The base ring assembly 630 includes a base ring 640 and a contact
holder 642 held by the base ring 640. The base ring 640 is
configured to be secured to another structure, such as the device
612 (shown in FIG. 1). The base ring 640 may be secured to the
structure using fasteners 644, which may be threaded fasteners or
other types of fasteners in alternative embodiments. Optionally,
the supporting structure the base ring 640 is secured to may be a
heat sink that is configured to dissipate heat generated by the
light engine 614. The base ring 640 includes one or more securing
features 643 used to secure the top cover assembly 632 to the base
ring assembly 630. In the illustrated embodiment, the securing
features 643 constitute slots in the base ring 640. Other types of
securing features may be utilized in alternative embodiments, such
as a recess track, a protrusion, a fastener, a latch, and the
like.
The base ring 640 includes a top 645 and a bottom 646 opposite the
top 645. An opening 647 extends therethrough between the top 645
and the bottom 646. The opening 647 is aligned with, and may
receive a portion of, the LED package 616. In an exemplary
embodiment, the contact holder 642 and LED package 616 are received
in a lower chamber 650 at the bottom 646. With the LED 616 at the
bottom 646, the LED package 616 is configured to be seated on the
heat sink or other support structure to dissipate heat directly
from the LED package 616.
The base ring assembly 630 includes one or more optic holders 648
that secure the optical component 634 to the base ring 640. In the
illustrated embodiment, two optic holders 648 are used, however any
number of optic holders 648 may be used in alternative embodiments.
In the illustrated embodiment, the optic holders 648 constitute
metal spring clips that are configured to releasably engage the
optical component 634 to releasably secure the optical component
634 to the base ring assembly 630. The spring clips are
deflectable. In an exemplary embodiment, the optic holders 648 are
coupled to the base ring 630 using the fasteners 644. The optic
holders 648 include mounts 649 extending from the spring clips that
extend around the fasteners 644. When the fasteners 644 secure the
base ring 640 to the supporting structure, the optic holders 648
are held against the top 645 of the base ring 640.

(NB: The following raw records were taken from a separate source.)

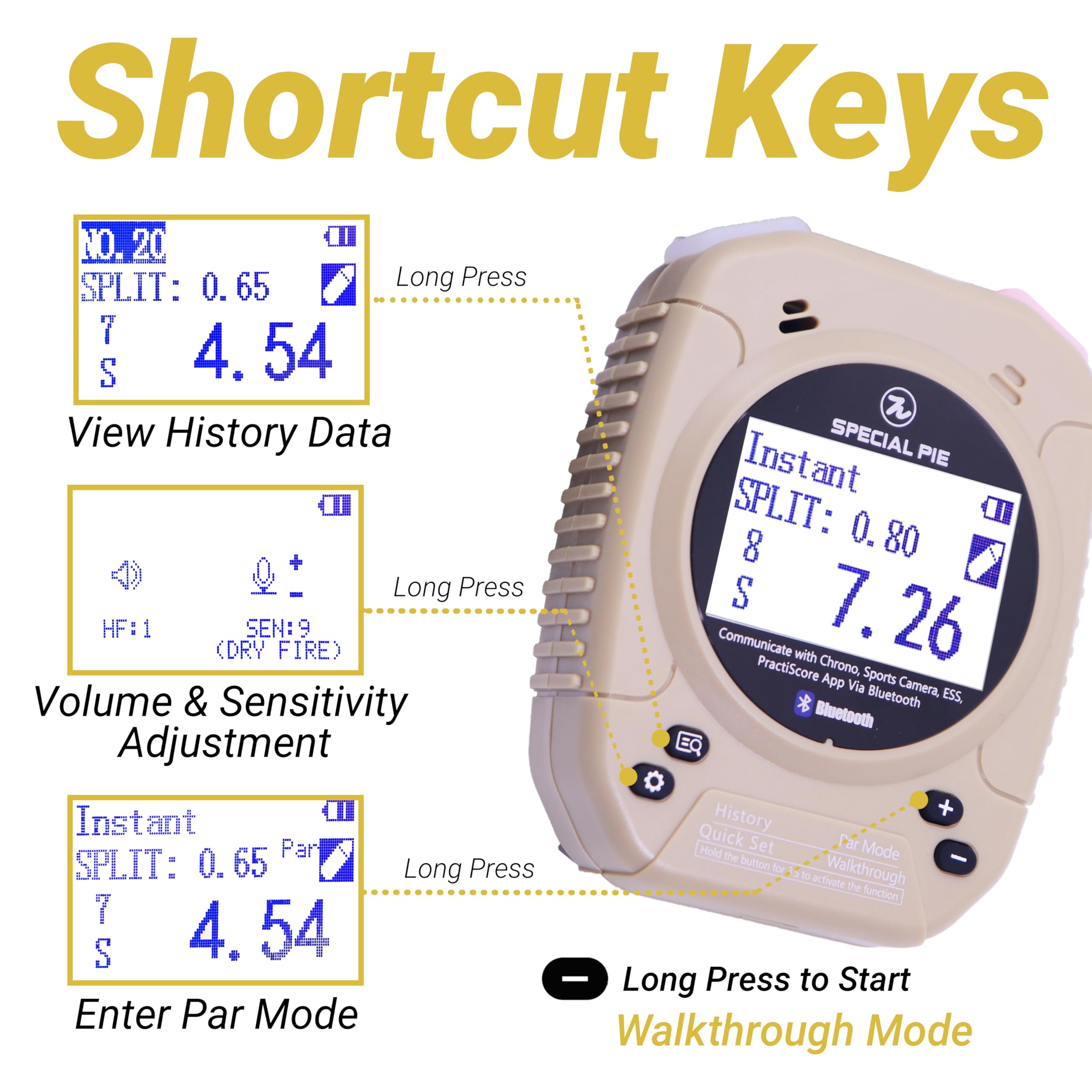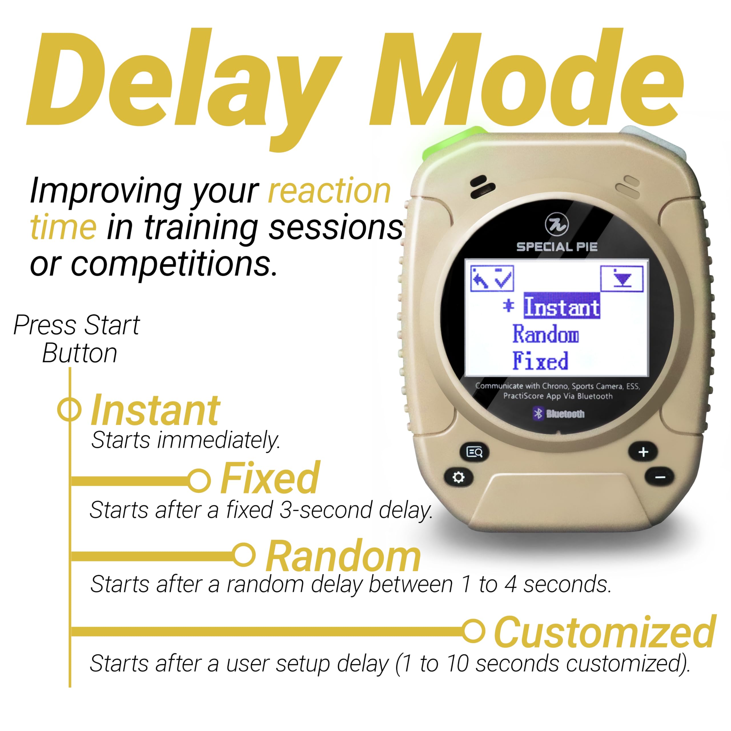 ✅ Tailored Personal Training Modes -This shooting timer is equipped with PAR mode with adjustable duration (0.5-120s) and up to 10 repetitions, which helps you train efficiently without assistance. Four start delay options include instant, fixed, random and customized, which improve your draw speed and follow-up shot times.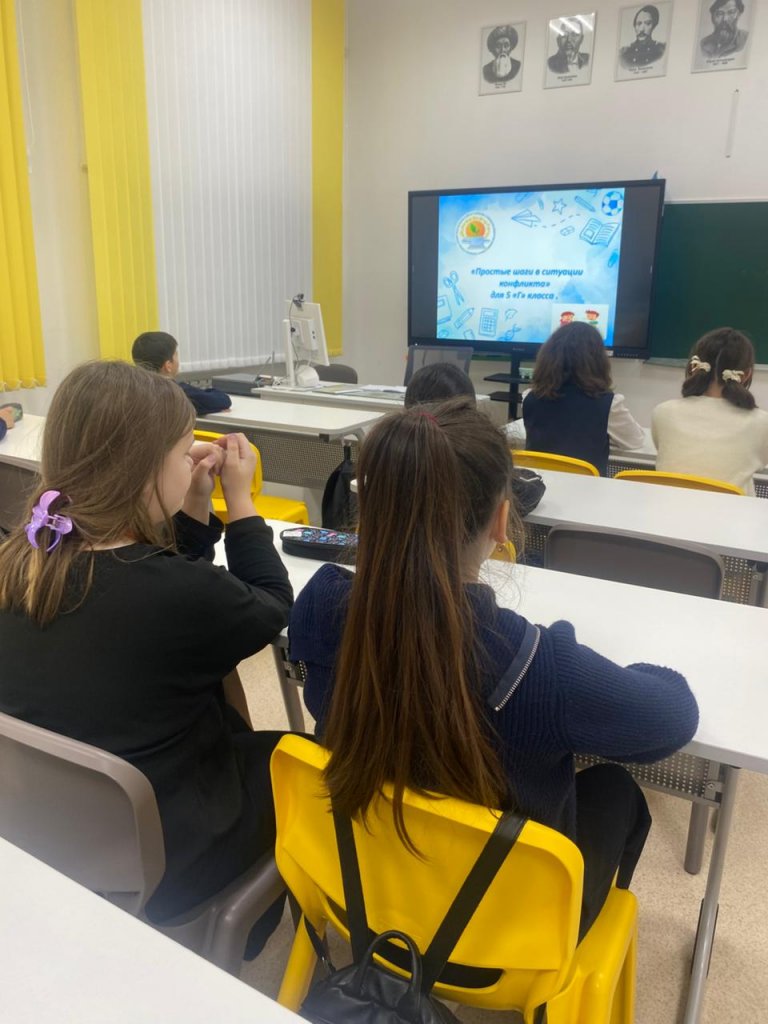 Бүгін 5 «Г» сыныбында «Қақтығысты шешу жолдары» тақырыбында сынып сағаты өтті. Алдымен оқушылар қақтығыс деген не және оны бейбіт жолмен шешудің маңыздылығы туралы танымдық бейнеролик көрді. Содан кейін балалар даулы жағдайлардан шығудың негізгі тәсілдері қарастырылған презентациямен танысты. Одан кейін әр оқушыға қақтығыс жағдайы жазылған қағаз таратылып, олар өздерінің қақтығысты шешу бойынша мүмкін нұсқаларын жазды. Оқушылар белсенді қатысты, өз идеяларын ұсынды, түрлі жағдайларды талқылады және күрделі мәселелерден бейбіт, сыйластықпен шығудың жолдарын үйренді.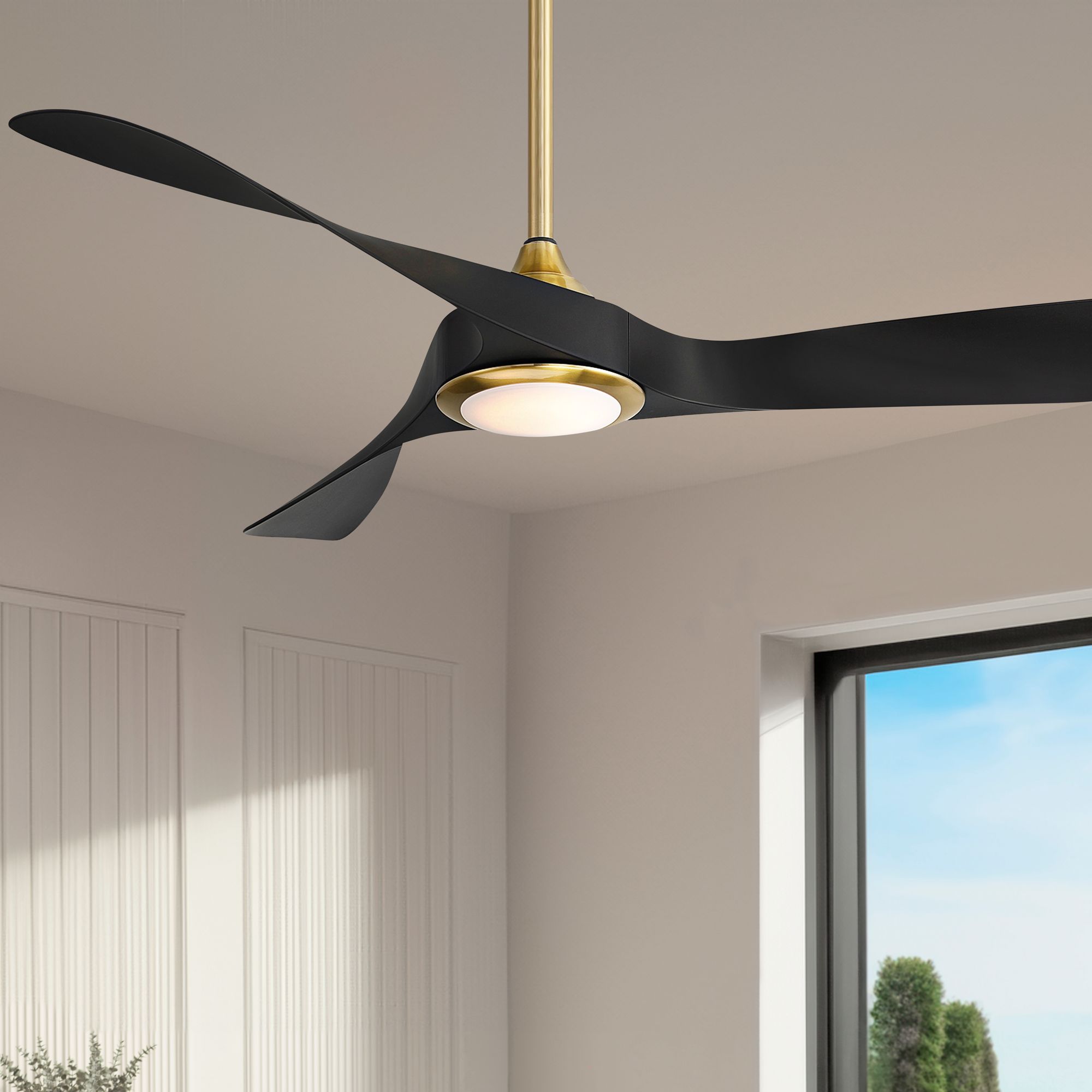 54" WAC Swirl Soft Brass and Black LED Wet Rated Smart Ceiling Fan

In alternative embodiments, the optic holders 648 may be secured to
the base ring 640 by other means or features. The optic holders 648
may be integrally formed with the base ring 640. The optic holders
648 may be captured between the base ring 640 and the contact
holder 642 and extend through openings in the base ring 640 such
that the optic holders 648 are provided along the top 645.
Optionally, rather than being secured to the base ring 640, the
optic holders 648 may be secured to the contact holder 642 or may
be integrally formed with the contact holder 642.
In an exemplary embodiment, the contact holder 642 is or includes a
circuit board having conductive traces that are electrically
connected to the power connector 636. The contact holder 642
includes a dielectric body, such as a plastic body, that is
received in the base ring 640. Optionally, the contact holder 642
may be held within the lower chamber 650 by an interference fit.
Alternatively, other securing means, such as fasteners, may be used
to hold the contact holder 642 within the base ring 640.
Optionally, the contact holder 642 may include crush ribs or other
features around the out perimeter that engage the base ring 640 to
provide an interference fit between the contact holder 642 and the
base ring 640. The contact holder 642 includes an opening 652. When
the base ring assembly 630 is assembled, the LED package 616 is
received in the opening 652 such that light emitted form the diode
622 may be directed through the opening 652 and through the opening
647 of the base ring 640.
The contact holder 642 holds a plurality of power contacts 654.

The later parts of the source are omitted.